▸ **Data**
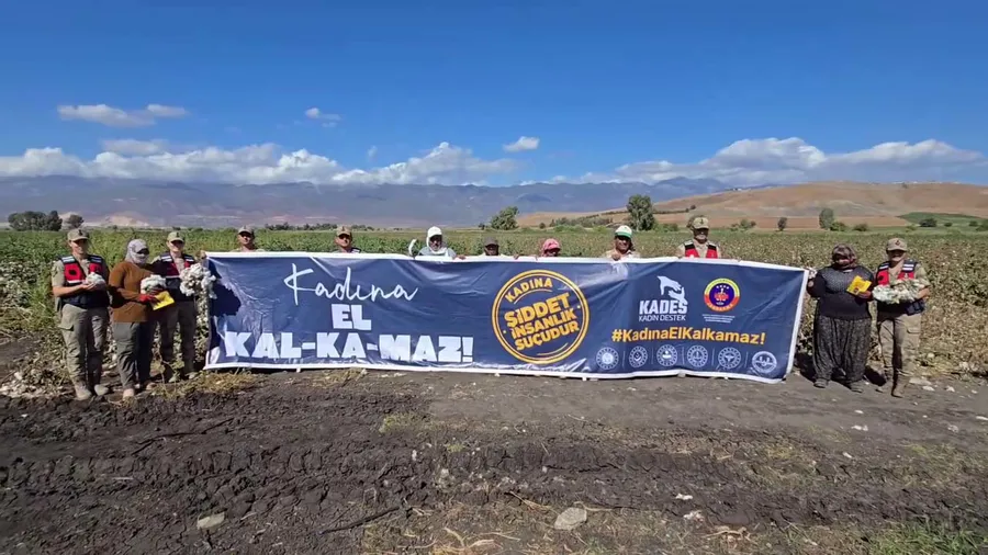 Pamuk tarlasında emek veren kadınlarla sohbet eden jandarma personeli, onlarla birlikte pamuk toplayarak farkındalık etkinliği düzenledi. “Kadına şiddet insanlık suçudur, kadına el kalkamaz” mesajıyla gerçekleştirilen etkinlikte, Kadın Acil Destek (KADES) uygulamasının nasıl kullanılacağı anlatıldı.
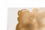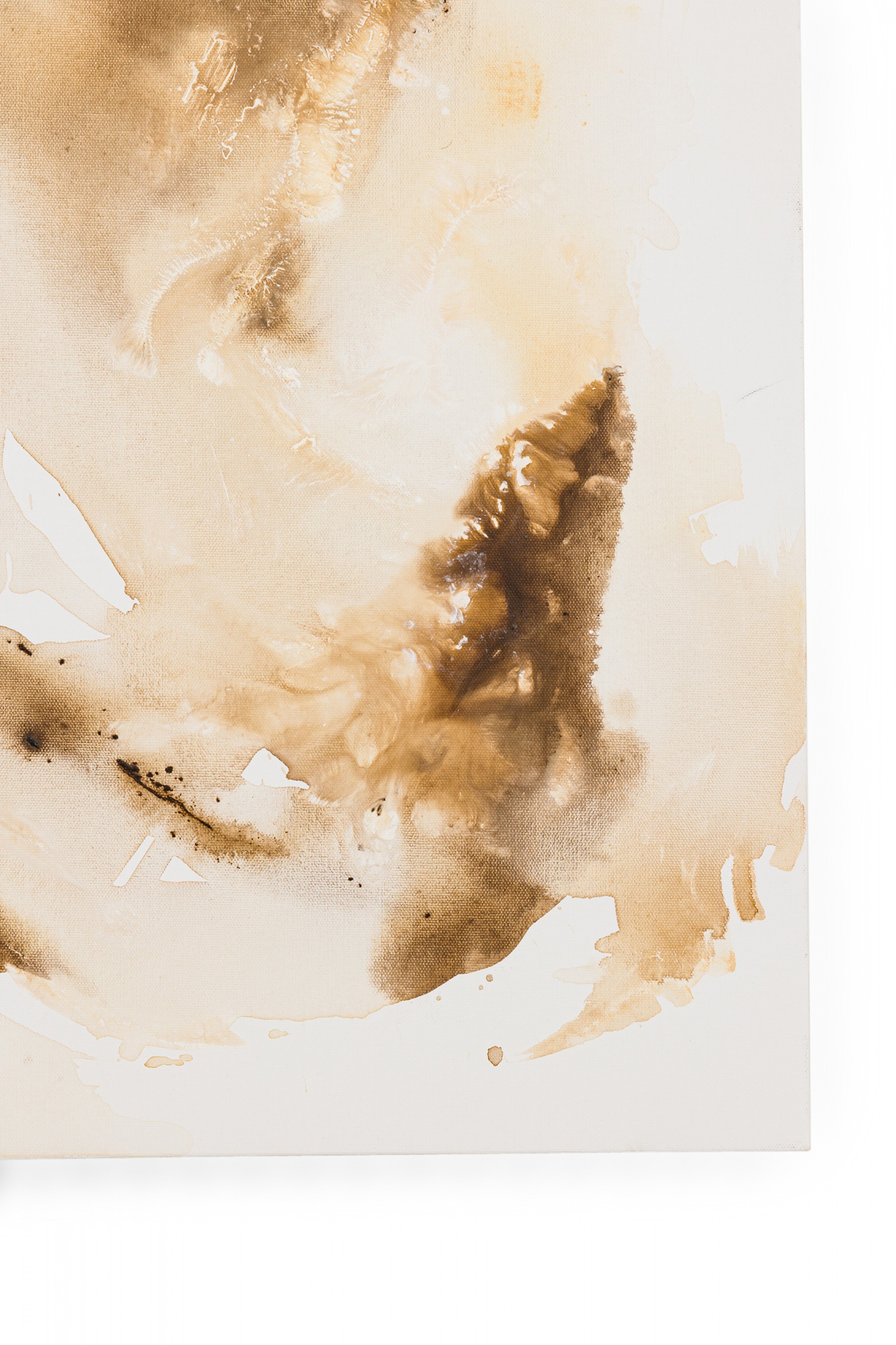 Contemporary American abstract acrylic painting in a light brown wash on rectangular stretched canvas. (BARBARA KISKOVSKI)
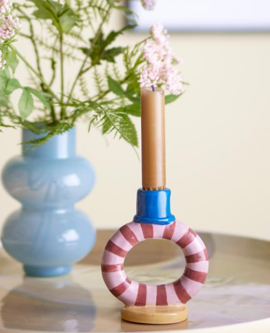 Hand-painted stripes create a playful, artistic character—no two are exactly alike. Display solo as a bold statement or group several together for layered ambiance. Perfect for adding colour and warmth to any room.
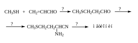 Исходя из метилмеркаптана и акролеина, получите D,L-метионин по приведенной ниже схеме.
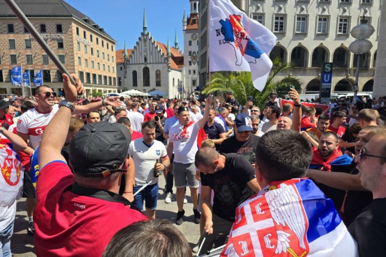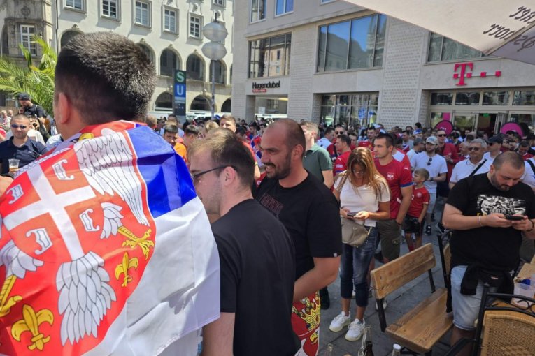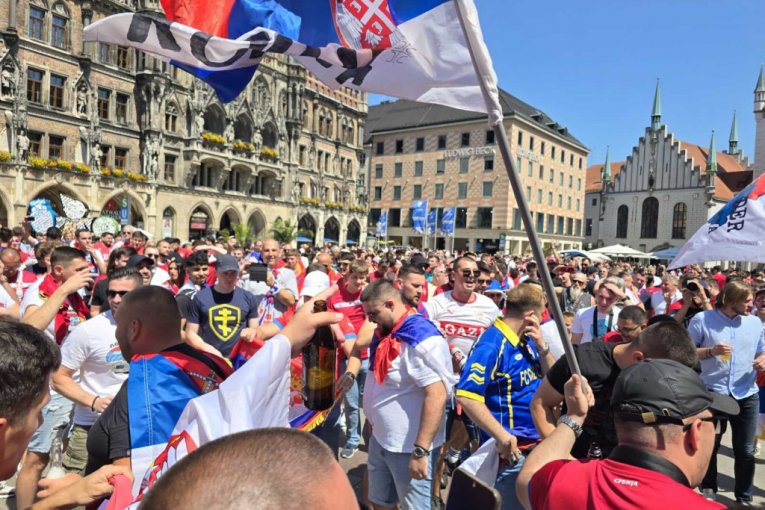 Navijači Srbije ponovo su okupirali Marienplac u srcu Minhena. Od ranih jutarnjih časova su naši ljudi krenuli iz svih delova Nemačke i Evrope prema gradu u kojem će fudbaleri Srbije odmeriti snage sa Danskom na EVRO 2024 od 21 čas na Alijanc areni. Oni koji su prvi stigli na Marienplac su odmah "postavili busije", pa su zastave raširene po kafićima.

* * *

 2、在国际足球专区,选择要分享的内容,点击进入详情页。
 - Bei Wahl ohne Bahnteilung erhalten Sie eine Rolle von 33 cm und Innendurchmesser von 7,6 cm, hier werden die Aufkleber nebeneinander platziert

▸ **Exercise requirements**
Print exactly the lines above that run from the one with "Исходя из метилмеркаптана" to the one with "Navijači Srbije ponovo", both included. No pictures.

▸ **Answer space**
 Исходя из метилмеркаптана и акролеина, получите D,L-метионин по приведенной ниже схеме.
 Navijači Srbije ponovo su okupirali Marienplac u srcu Minhena. Od ranih jutarnjih časova su naši ljudi krenuli iz svih delova Nemačke i Evrope prema gradu u kojem će fudbaleri Srbije odmeriti snage sa Danskom na EVRO 2024 od 21 čas na Alijanc areni. Oni koji su prvi stigli na Marienplac su odmah "postavili busije", pa su zastave raširene po kafićima.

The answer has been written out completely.